The overall goal of this study is to achieve a high performance in the detection of polyps on CT colonographic images by effectively incorporating an appearance-based object recognition approaches into a model-based CAD scheme.  The specific contribution of our studies is to develop a fast kernel feature analysis that, in combination with a shape-based polyp detection method, can efficiently differentiate polyps from false positives and thus improve the detection performance of polyps. The key idea behind the proposed algorithm is to reconstruct a feature space by use of a feature mapping that maps the original, raw feature space into a higher dimensional feature space. Such a high-dimensional feature space is expected to have a greater classification power than that of the original feature space, as suggested by the Vapnik-Chervonenkis theory [14]. We evaluated our fast kernel feature analysis on texture-based features that were extracted from the polyp candidates generated by our shape-based CAD scheme. The main contribution of this paper lies in the appearance-based approach that improves sparse kernel feature analysis for the classification of texture-based features. The method is then tested using real CT colonography data to show that the improved algorithm is faster than the sparse kernel feature analysis while achieving comparable accuracy.

A kernel function provides a flexible and effective learning mechanism, and the choice of a kernel function should reflect prior knowledge about the problem at hand.
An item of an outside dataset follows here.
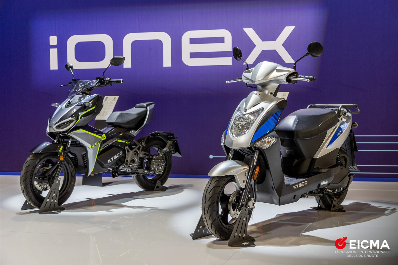 2021年米蘭車展現場,KYMCO也帶來多款大家熟悉的新車、概念車,例如雙缸三輪大型重機CV3、電動概念車F9等,Ionex車款、換電櫃也來到米蘭車展實地展演。

However, it is often difficult for us to exploit the prior knowledge on patterns to choose a kernel function, and it is an open question how to choose the best kernel function for a given data set. According to no free lunch theorem [40] on machine learning, there is no superior kernel function in general, and the performance of a kernel function rather depends on applications. The three kernel functions Gaussian, Polynomial, linear, are chosen since they were known to have good performances in the field of bioinformatics [40-45].


The remainder of this paper is organized as follows. Section II provides a brief overview of our proposed appearance-based recognition scheme. Here, we describe how kernel feature analysis of the texture-based features of polyps complements the model-based polyp detection schemes. Section III provides a brief review of the existing kernel-based feature extraction methods.  In Section IV, we present the proposed kernel feature analysis for the detection of polyp candidates. In Section V we propose a composite data dependant Kernel for improving the accuracy. In Section VI, we evaluate the reconstruction and classification performance of the proposed kernel feature analysis algorithm based on the texture-based features of polyps on CT colonographic images. Section VII presents the conclusion.